I've been a cooking fiend all day today. Cooked a spinach spoon bread using swiss chard instead of spinach since spinach has been pulled off the shelves. I made a carrot salad with pickles, cauliflower, black beans and swiss chard. I made sauteed sweet potatoes and carrots. I made basil chick peas and you guessed it, swiss chard. And I cooked a small roast beef in rosemary and lemon because I'm in need of a little red meat. I juiced a whack of beets, cabbage, lemons and apples and froze it so I don't have to juice it every single morning this week. I need a break from the juicing discipline I use every day. I feel like my time is so full with preparing food all the time.

My mind was going a mile a minute today. Inner ranting about a person who has been smothering me and this person isn't my friend. Trying to find a tactful way to extricate myself. I wonder why I'm such a magnet to some weird needy people that insist their selves on me. Or is it themselves? huh! It's the constant gibberish. "You called me for that?"

Oh well. Time to move on. It's hard to keep your focus when someone calls you 30 times a day. I have to wonder what the motive is. I have to wonder what kind of person can't get the message. And then I wonder where I'm like that in my life. Where am I not getting the message? Who or what might I be hounding with obsessive fervor? I look at the people in my life and it's not a who. The one person I was unsure of I don't have contact with. I thought maybe I could have been hounding him but nope. So what could I be hounding? Or what am I thinking about obsessively? Hmm!

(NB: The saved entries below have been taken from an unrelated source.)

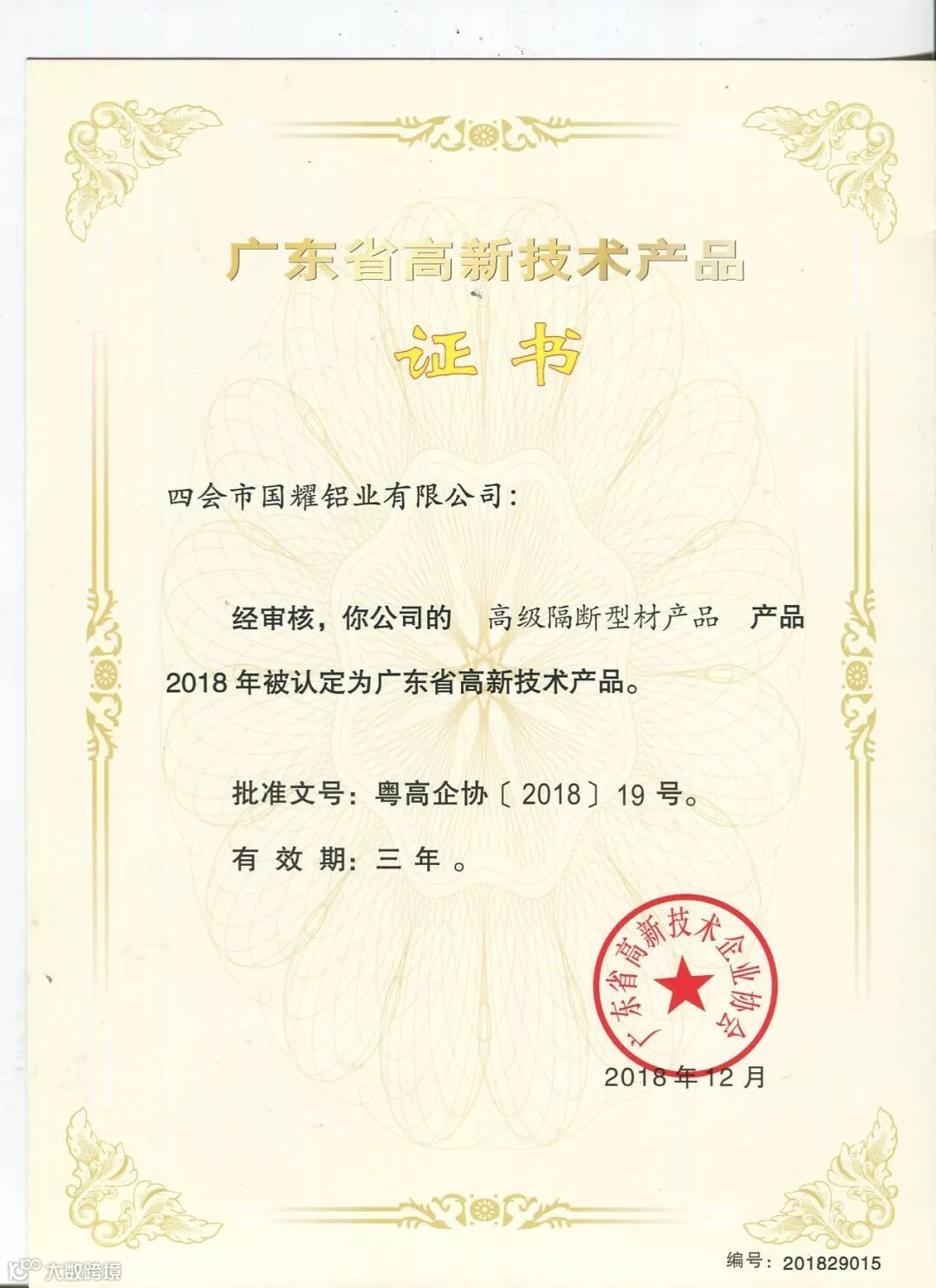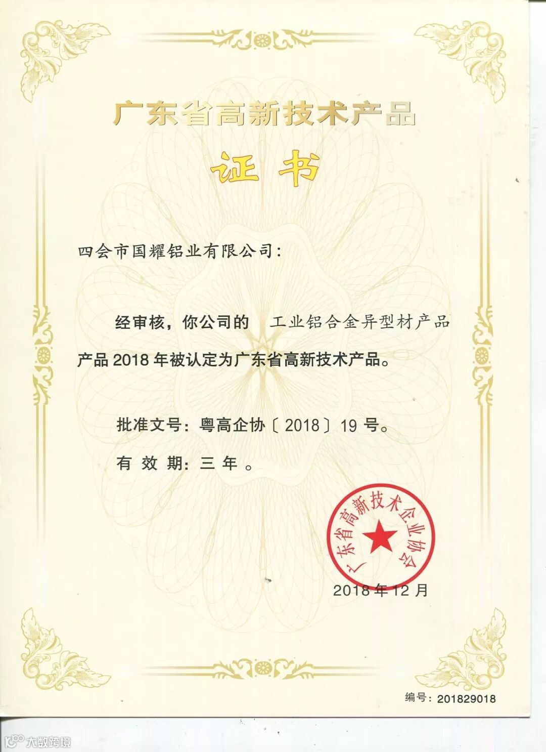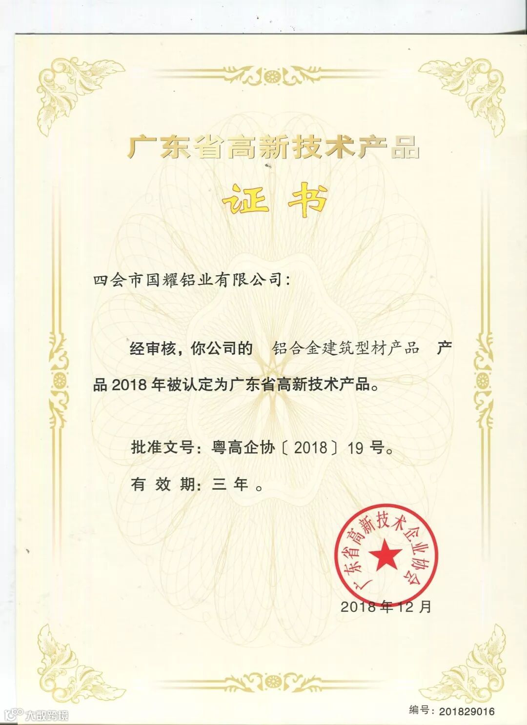 在公司的高度重视,各部门齐心协力下,由国耀铝业生产的工业铝合金异型材产品 、便携式铝材幕墙 、铝合金建筑型材产品 、新型防盗易安装铝合金窗 、高级隔断型材产品 、喷砂铝合金纱窗、可伸缩铝合金围栏 被认定为广东省高新技术产品。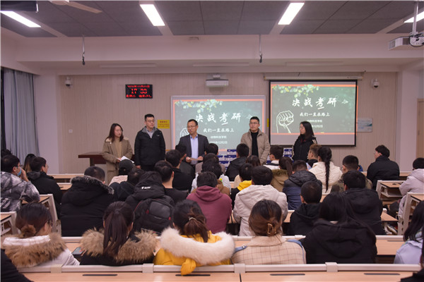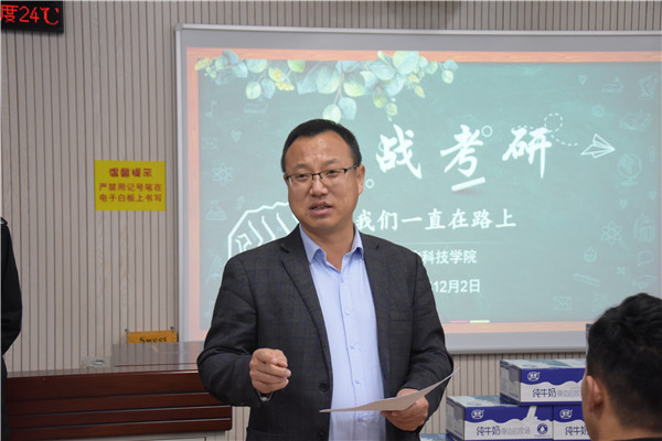 党委副书记王力首先对同学们积极准备,勤奋复习的状态给予了肯定和赞扬,就2021届考研现状他对同学们提出三点要求:一是对自身合理定位,针对后疫情时代的全新考研形势,同学们要关注新变化、新政策,及时整合现有信息资源把握考研进程中的关键点;二是最后阶段要接续努力,完成从量变到质变的转化,学院会全力支持、配合大家,以辅导员为核心,学生“党员服务队”为抓手助力每位同学最后的冲刺;三是做好生涯提前规划,他指出本硕博就业的门槛是截然不同的,社会越来越需要更高层次的人才,只有努力奋斗才能全面提升自己的素质和能力,成为行业的建设者。随后,学院领导为同学们分发学院精心准备的慰问品。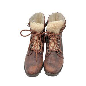 Brand: Sorel | waterproof leather upper, fleece liner, sherpa trims, Good pre-owned condition, normal marks of wear.
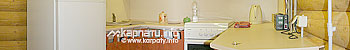 На першому поверсі — вітальня з каміном (розкладний диван, телевізор, обідній стіл), кухня (газова плита, холодильник, мийка, необхідний посуд, електрочайник, мікрохвильова піч), санвузол (душова кабіна, туалет, умивальник).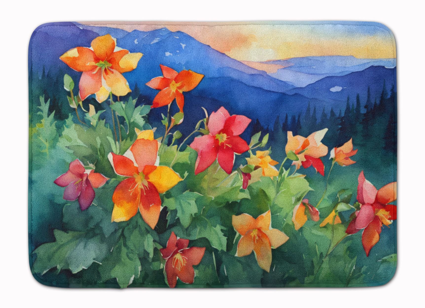 Colorado Rocky Mountain Columbine in Watercolor Memory Foam Kitchen Mat Machine Washable Anti-Fatigue Mat Cushion Comfort Bath Mat or Kitchen Rug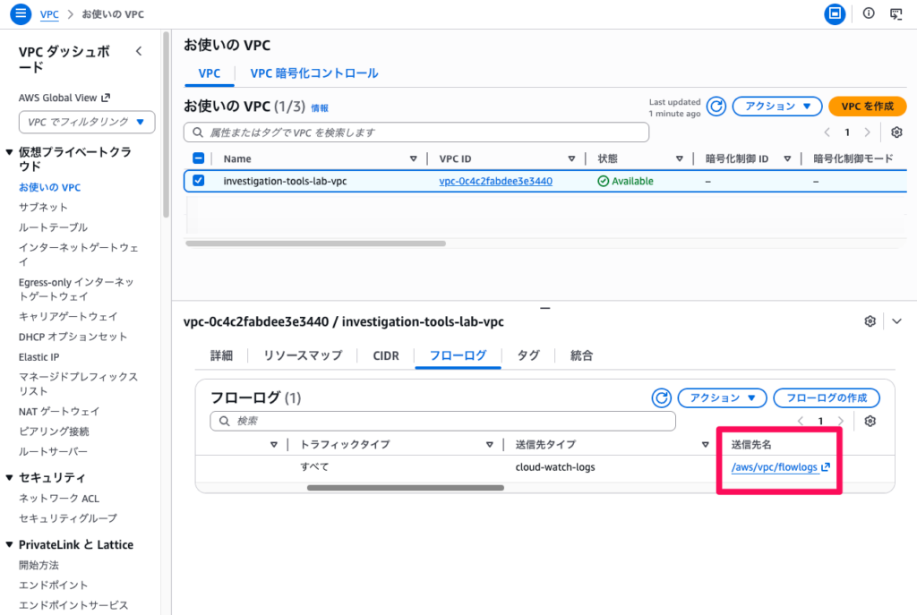 - フローログの送信先(CloudWatch Logsグループ名)を確認します。例:
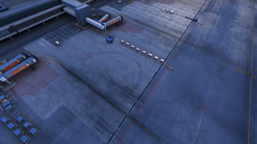 Der ganze Flughafen wurde mit passenden Texturen versehen, auf dem Apron sind Verschmutzungen, sowie Gebrauchsspuren zu sehen. Alle Lande- und Startbahnen haben die passenden Texturen bekommen, und sehen einfach klasse aus. Die Bodenmarkierungen sehen alle makellos aus, und sind prima umgesetzt. Dazu wurden alle Linien klar dargestellt, und die roten und blauen Linien sind vorhanden.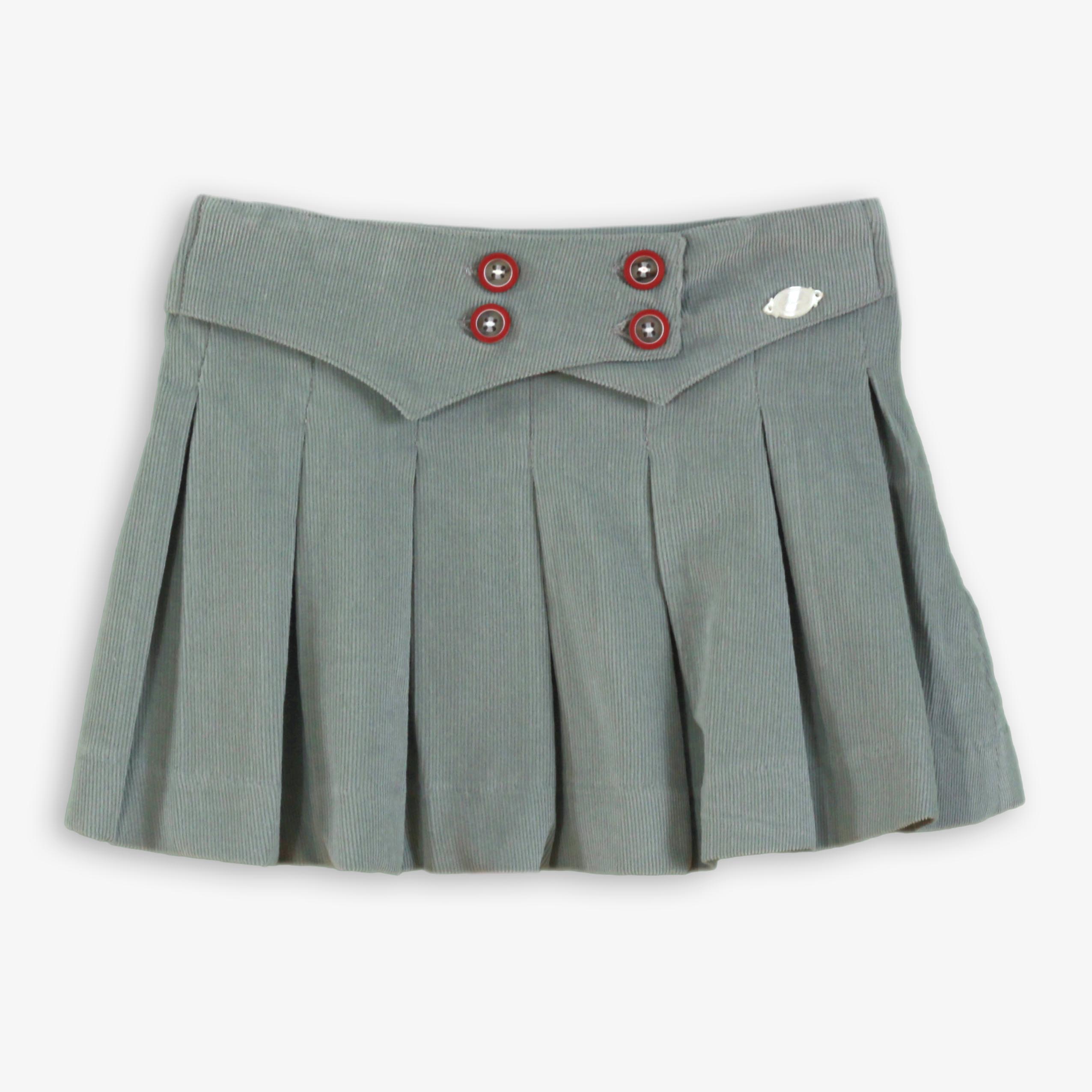 Falda de pana en color verde, con volantes, abertura lateral con cremallera, efecto cinturón con cuatros botones y volantes. Cintura ajustable.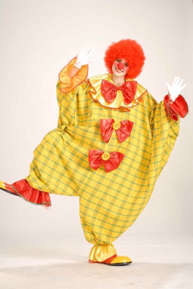 Желтый костюм большого клоуна представляет собой большой клетчатый комбинезон желтого цвета. Комбинезон украшен тремя красными бантиками, манжеты на руках и ногах слегка расклешены. Нос, парик и обувь в комплект не входят. Рассмешите всех на вечеринке своим забавным костюмом!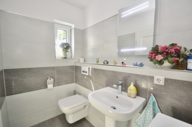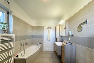 Ergänzt werden das Wohnzimmer sowie die Küche von einem komfortablen Schlafzimmer sowie dem großzügigen Badezimmer mit ebenerdiger Dusche samt Badewanne und einem tagesbelichteten Gäste WC.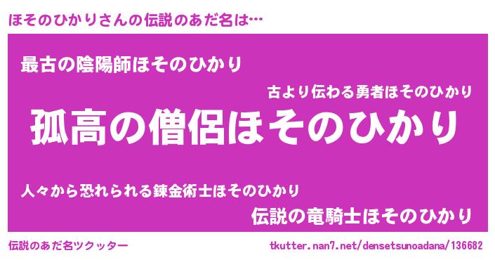 | 胡散臭い通販商品みたいなあだ名 | 『信頼と実績のネックレス…その名も「ほそのひかり」』 |

Rearranged my kitchen, well, what I could of it. It's been transformed. It felt all cluttered and bogged down before. Still haven't finishing painting. Slow but sure, or something like that. Maybe just slow. I have to ask again, How do women with children do it all? I barely manage.

Not much to say tonight. Lots to say but nothing to share. ha ha!

EY

Posted by Shelley-Lynne Domingue at 8:25 PM EDT | Post Comment | Permalink | Share This Post
Saturday, 16 September 2006
Humber School for Writers
Now Playing: John Mayer
Topic: Writing Outings
Saturday 6:12pm 16Sept06

Went to the International Reading Series at harbourfront on Wednesday. It was the faculty and students from Humber College School for Writers program that I did in 2003.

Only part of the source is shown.